The recombinant vector of the present invention can be introduced into a pharmaceutical composition suitable for parenteral administration. Other suitable buffers include, but are not limited to, sodium succinate, sodium citrate, sodium phosphate or potassium phosphate. 0-30 sodium chloride to modify the toxicity of the solution
It can be used at 0 mM (optimally 150 mM for liquid dosage forms). The lyophilized dosage form may contain a cryoprotectant, mainly 0-10% sucrose (optimally 0.5-1.0%). Other suitable cryoprotectants include trehalose and lactose. The lyophilized dosage form may contain a bulking agent, primarily 1-10% mannitol (optimally 2-4%). Stabilizers, primarily 1-50 mM L-methionine (optimally 5-10 mM) can be used in both liquid and lyophilized dosage forms. Other suitable bulking agents include glycine, arginine and can be included as 0-0.05% polysorbate-80 (optimally 0.005-0.01%). Additional surfactants include, but are not limited to, polysorbate 20 and BRIJ surfactants.

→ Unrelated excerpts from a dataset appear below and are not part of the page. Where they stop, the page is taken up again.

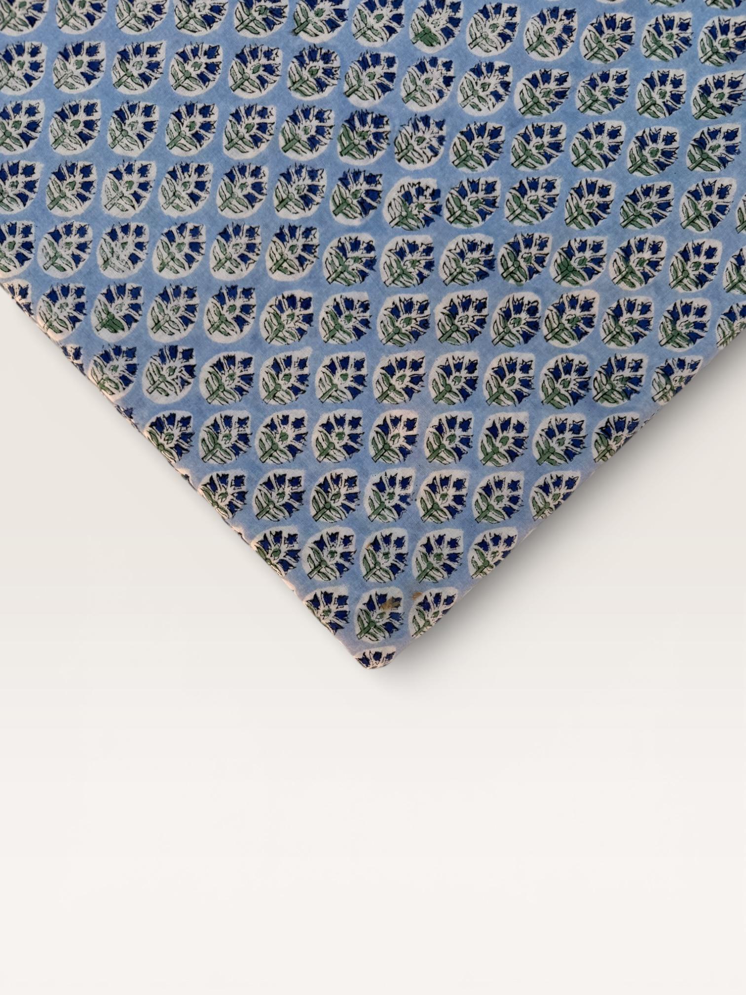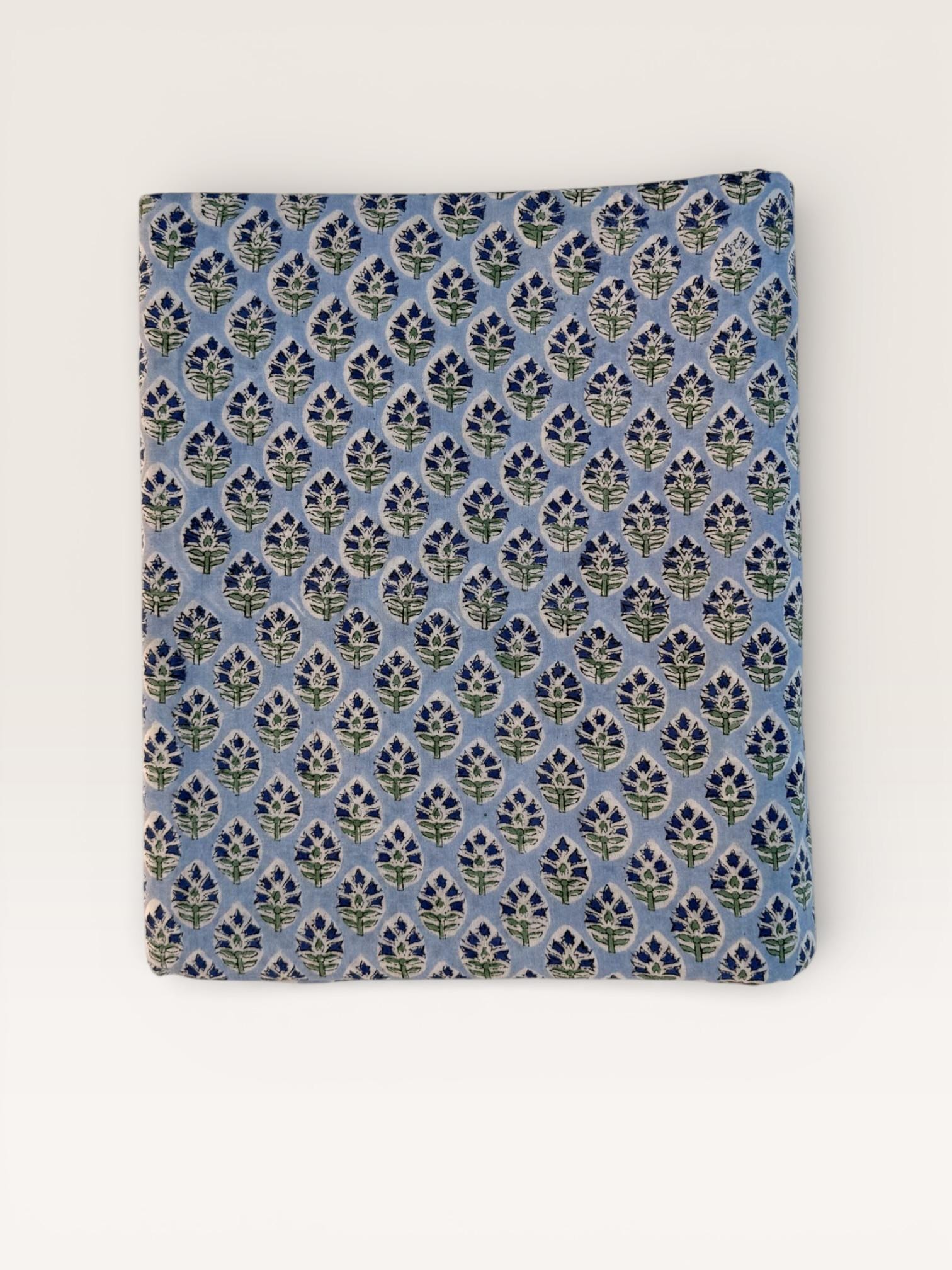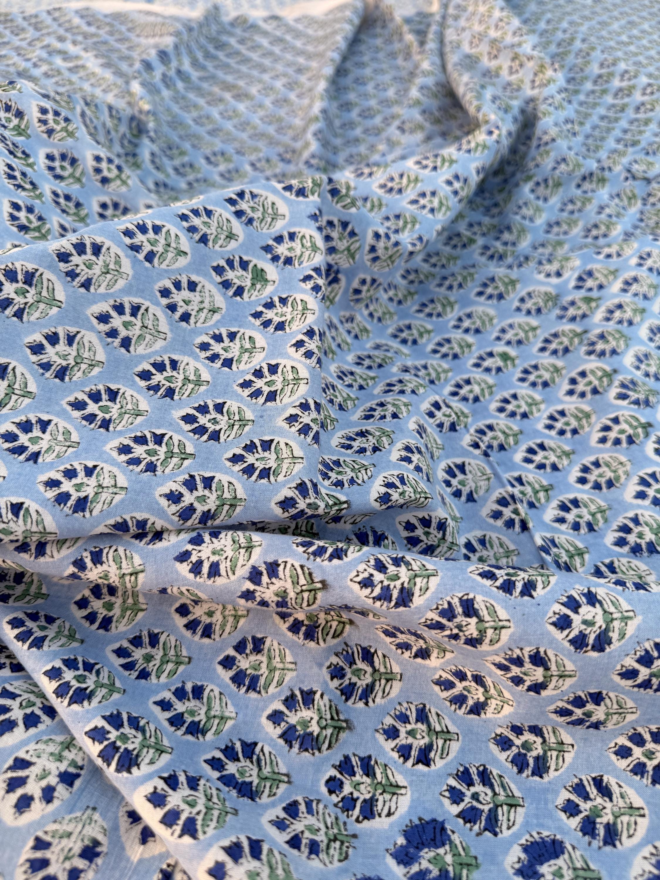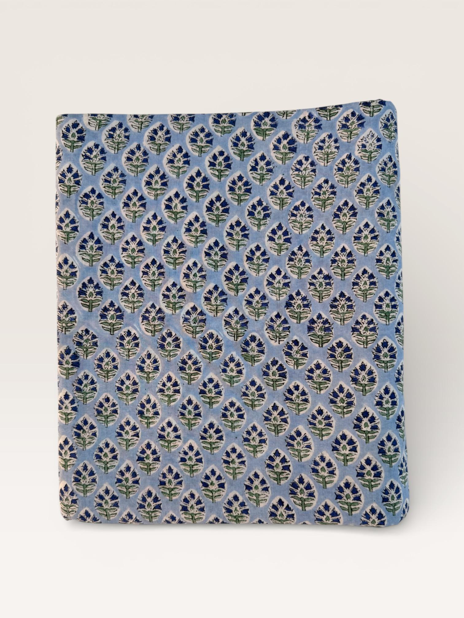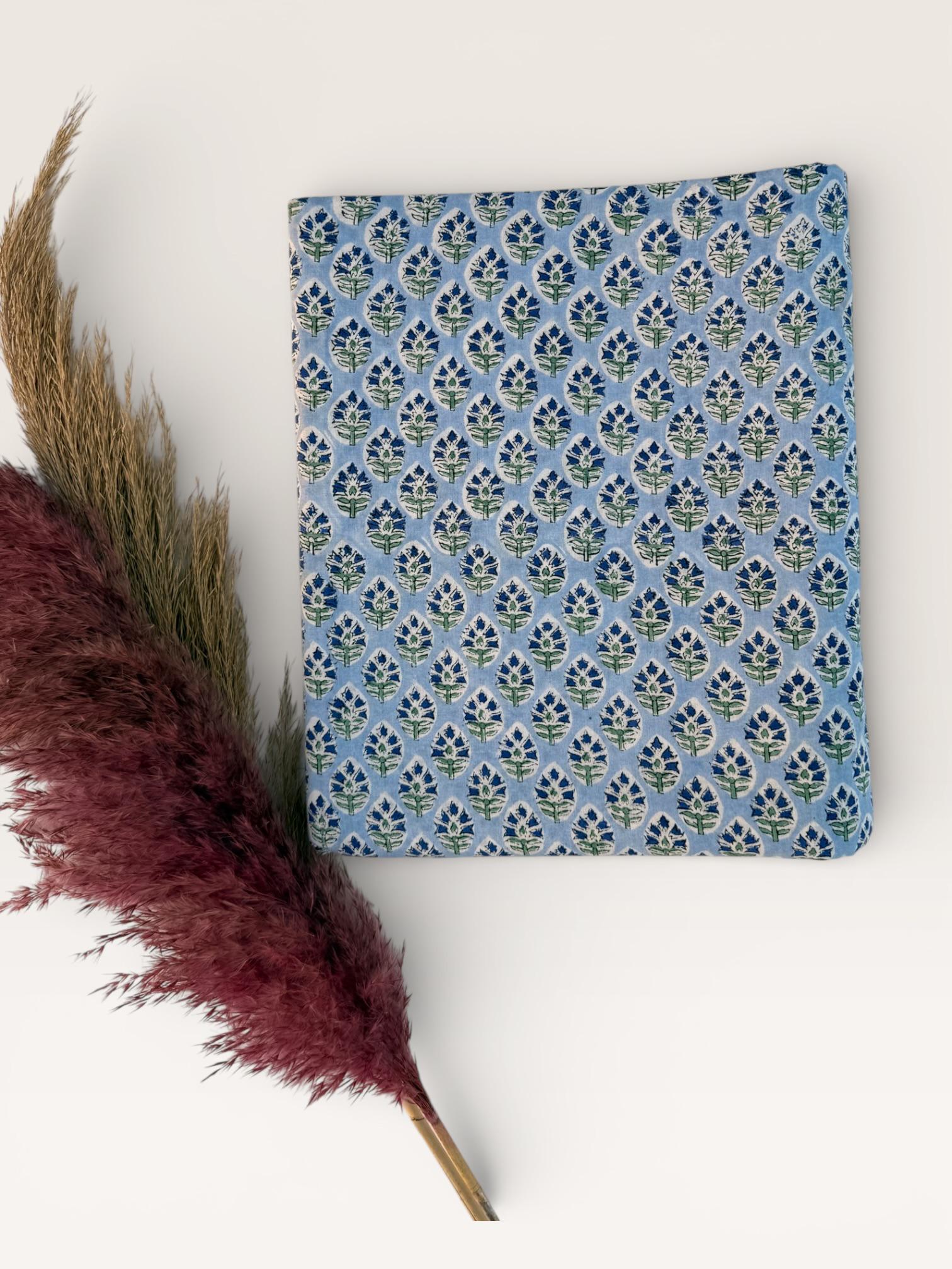 Hand Block Printed Cotton Fabric – Powder Blue Base with White & Indigo Floral motif | Indian Blockprint Fabric for Sewing and Home Décor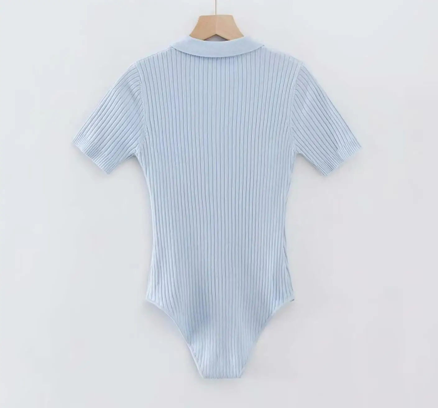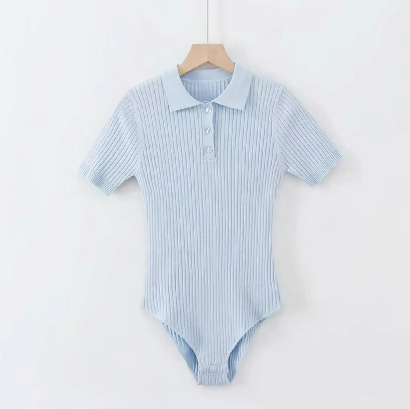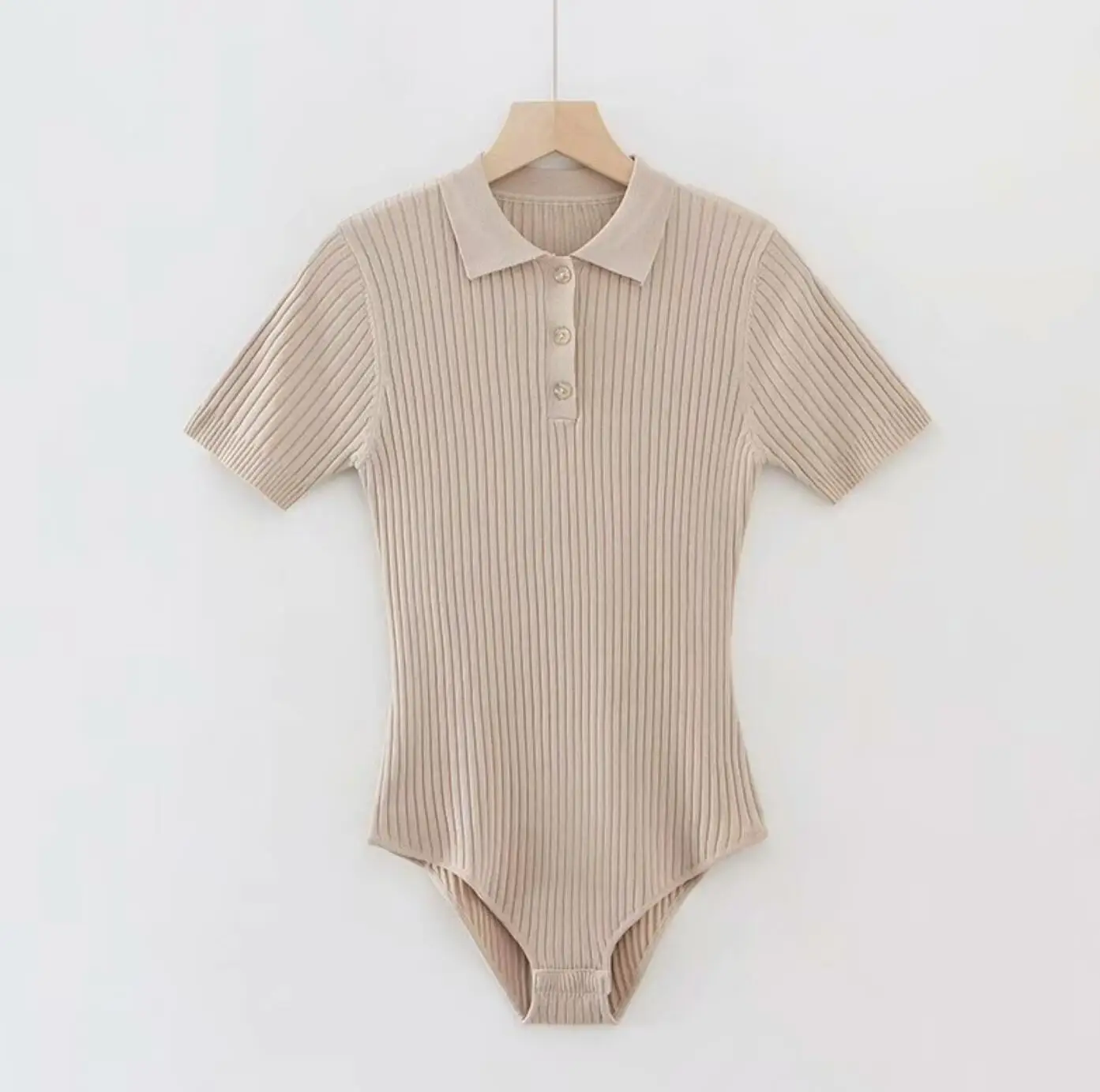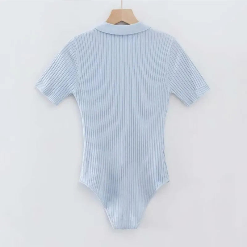 夏季性感POLO領羅紋針織短袖連身衣女式短款連身褲修身連身褲緊身連身褲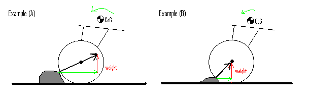 The green arrow is the force (resistance) created when the weight of the plane tried to roll over the obstacle. The higher up the wheel the obstacle hits, the larger the black force needs to become to get over it while supporting the same weight (red), and the larger the green arrow becomes (black arrow always acts through the centreline of the axle). This effect can be lessened by the tire changing shape (deforming around the obstacle) - that's why lower pressure helps.. There will come a point where the overturning moment (green arrow about the CoG) that gets created is large enough to overcome the weight of the tail (including control forces) and flip the plane onto it's nose. You can see, the location of the CoG effects what size this critical force is, and also the design (dimensions) of the aircraft play a part. The size of the tire is just one factor in the equation.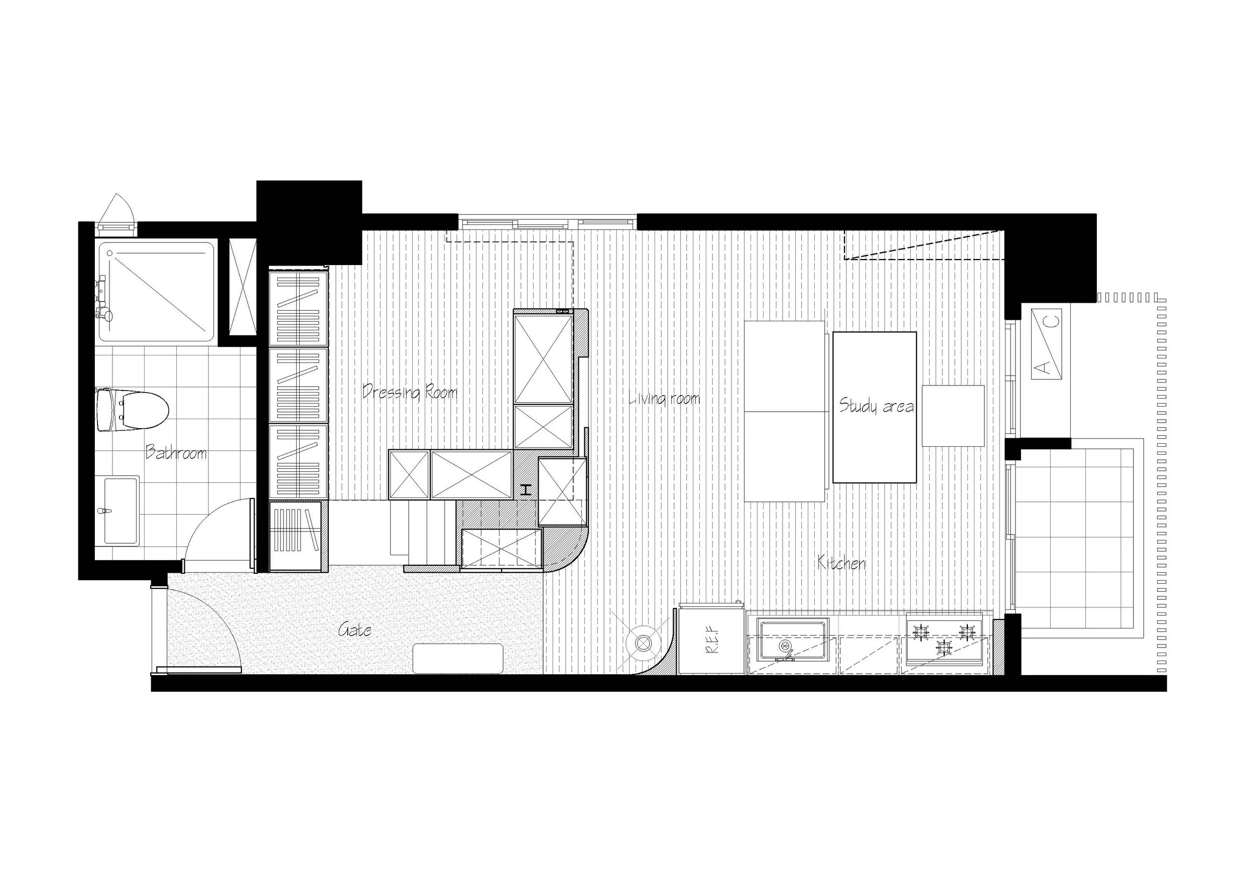布局巧妙地優化了動線與功能性,採用了雙向流動的設計以最大化空間的使用效率。設計將區域劃分為不同的功能區域:一個舒適的居住空間和一個專門的儲藏區,隱秘地存放著家庭的所有物品,從鞋櫃和二手衣物到衣櫃和影音設備。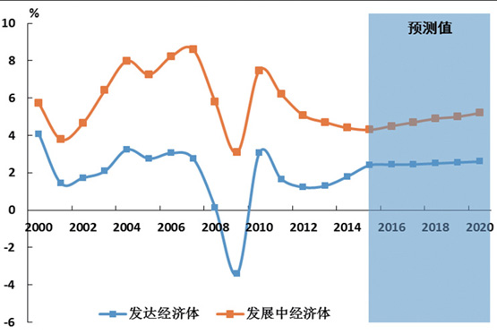 圖2 發(fā)達(dá)經(jīng)濟(jì)體與發(fā)展中經(jīng)濟(jì)體增速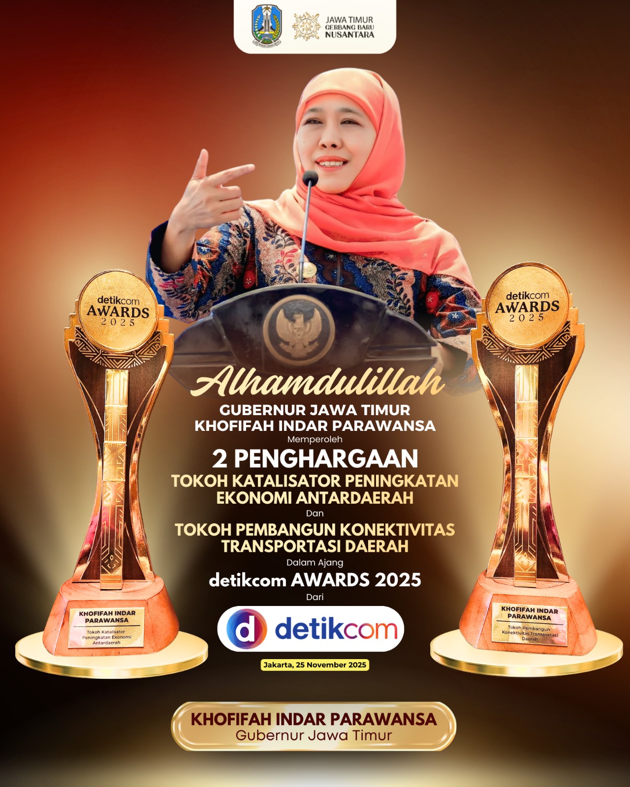 Lentera Post – Jakarta, 26 November 2025, Dua program Gubernur Jawa Timur Khofifah Indar Parawansa yakni Misi Dagang dan Trans Jatim mendapat penghargaan nasional dari Detikcom Award 2025. Dua program ini menjadi pioneer ekonomi kerakyatan.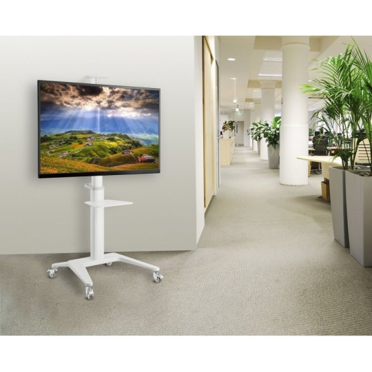 Televízny stolík na veľké LCD TV s uhlopriečkou 37"- 70" (94-178 cm) a hmotnosťou maximálne 50 kg. Stredový nosný profil 125-160 cm na kolieskach s aretáciou, držiak výklopný +5°/-12°, horná výškovo nastaviteľná otočná plocha pre kameru max. 5 kg, polička 34x46 cm max. 5 kg, Alu/ocel, farba biela. Uchytenie VESA: 200x200, 300x300, 400x200, 400x400, 600x400.

The composition of the present invention can be in various forms. These include liquid, semisolid and solid dosage forms such as, for example, liquid solutions (eg injectable and infusible solutions), dispersions or suspensions, tablets, pills, powders, liposomes and suppositories. Included. The preferred form depends on the intended mode of administration and therapeutic application.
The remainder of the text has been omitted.